2. Der Feststellungsbescheid über das Vorliegen einer Behinderung, den GdB und über das Vorliegen weiterer gesundheitlicher Merkmale ist hinsichtlich dieser Feststellungen Grundlagenbescheid für den Kraftfahrzeugsteuerbescheid über Vergünstigungen für Schwerbehinderte.
Normenkette
§ 3a KraftStG; § 171 Abs. 10 AO, § 69 Abs. 1, Abs. 4 und Abs. 5 SGB IX a.F., § 152 Abs. 1, Abs. 2 und Abs. 5 SGB IX
Sachverhalt
Der Halter eines Pkw war kurz nach Abmeldung des Fahrzeugs (7.5.2017) verstorben. Noch zu Lebzeiten war eine Schwerbehinderung seit dem 24.2.2017 mit Merkzeichen u.a. H, B und aG festgestellt worden. Die Erben beantragten, den Pkw rückwirkend vom 24.2.2017 bis zur Abmeldung nach § 3a Abs. 1 KraftStG von der KraftSt zu befreien.
Das HZA lehnte dies ab, weil es sich bei der Steuerbefreiung um ein höchstpersönliches Recht handele, das nicht von den Erben geltend gemacht werden könne.
Die Klage beim FG hatte Erfolg. Das FG verpflichtete das HZA zur Gewährung der Steuerbefreiung und entsprechender Festsetzung der KraftSt (FG Baden-Württemberg, Urteil vom 18.10.2019, 13 K 1012/18, Haufe-Index 13694400, EFG 2020, 417).
Entscheidung
Die Revision des HZA wies der BFH als unbegründet zurück. Die Schwerbehinderung als Voraussetzung der Steuerbefreiung ergebe sich aus dem Bescheid über die Feststellung der Schwerbehinderung, der als Grundlagenbescheid für die KraftSt-Festsetzung bindend sei. Der KraftSt-Bescheid sei rückwirkend auf den Zeitpunkt des festgestellten Eintritts der Schwerbehinderung zu ändern, weil auch alle anderen Voraussetzungen der Steuerbefreiung erfüllt seien.

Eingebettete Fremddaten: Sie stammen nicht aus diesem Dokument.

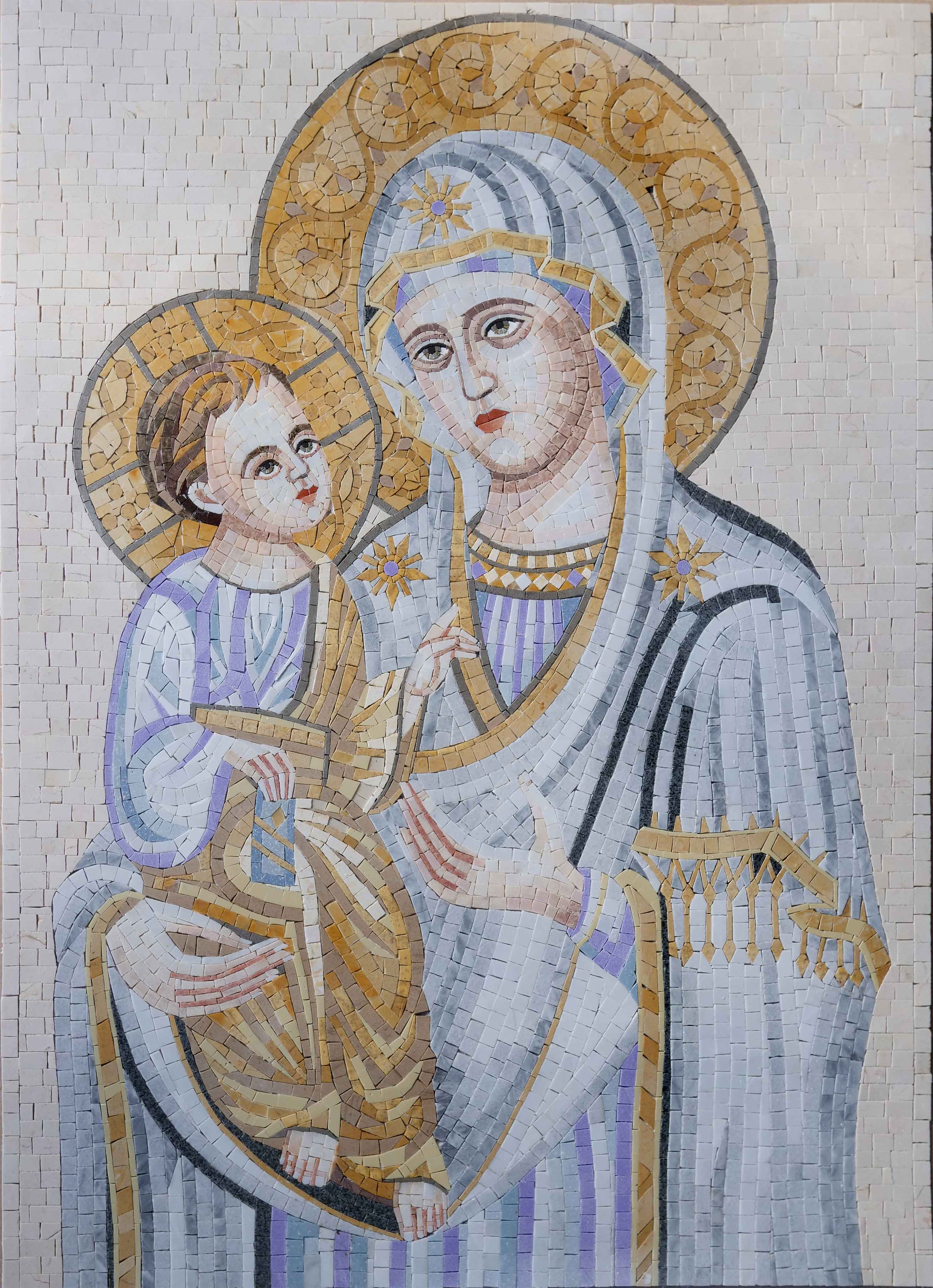 Crafted with precision, the "Mary and Jesus - Mosaic Art" features natural and hand-cut stones that come together to form a visually captivating image. The intricate details and vibrant colors breathe life into this sacred portrayal, making it an ideal addition to any religious setting. Whether in an Orthodox church, a prayer area, or a personal sanctuary, this mosaic serves as a powerful reminder of faith, love, and maternal grace.

Der Antrag habe noch nach Ende des Befreiungszeitraums gestellt werden können. Ob der Halter den Antrag selbst stelle und vor der Entscheidung über den Antrag versterbe oder ob der Antrag – wie hier – erst von den Erben gestellt werde, sei ohne Bedeutung. Es sei allein entscheidend, ob der Antragsteller zu Lebzeiten die Voraussetzungen für die Steuerbefreiung erfüllt habe.
Hinweis
1. Das Urteil klärt entgegen der Auffassung der Verwaltung, dass die Befreiung von der KraftSt wegen einer Schwerbehinderung nach § 3a Abs. 1 KraftStG auch nach dem Tod des schwerbehinderten Fahrzeughalters von dessen Erben beantragt werden kann. Eine etwaige Erstattung bereits geleisteter KraftSt erhöht dann den Nachlass. Die anderslautende Regelung in Ziff. 8.7 Abs. 1 DV-KraftSt ist danach rechtswidrig und wird aufzuheben sein.
Erst recht wird der Antrag dann auch von einem über den Tod hinaus Bevollmächtigten für den verstorbenen Halter gestellt werden können. Deshalb wird auch Ziff. 8.7 Abs. 2 DV-KraftSt, wonach derartige Anträge abzulehnen sind, als rechtswidrig beurteilt werden müssen.
2. Die Schwerbehinderung ist nach dem Wortlaut des § 3a Abs. 1 KraftStG durch den Schwerbehindertenausweis nachzuweisen. Dieser Ausweis wird auf der Grundlage eines betreffenden Feststellungsbescheids ausgestellt. Deshalb sieht der BFH bereits diesen Bescheid als Grundlagenbescheid für die KraftSt an. Dies entspricht auch der Verwaltungsauffassung (Ziff. 8.4 DV-KraftSt).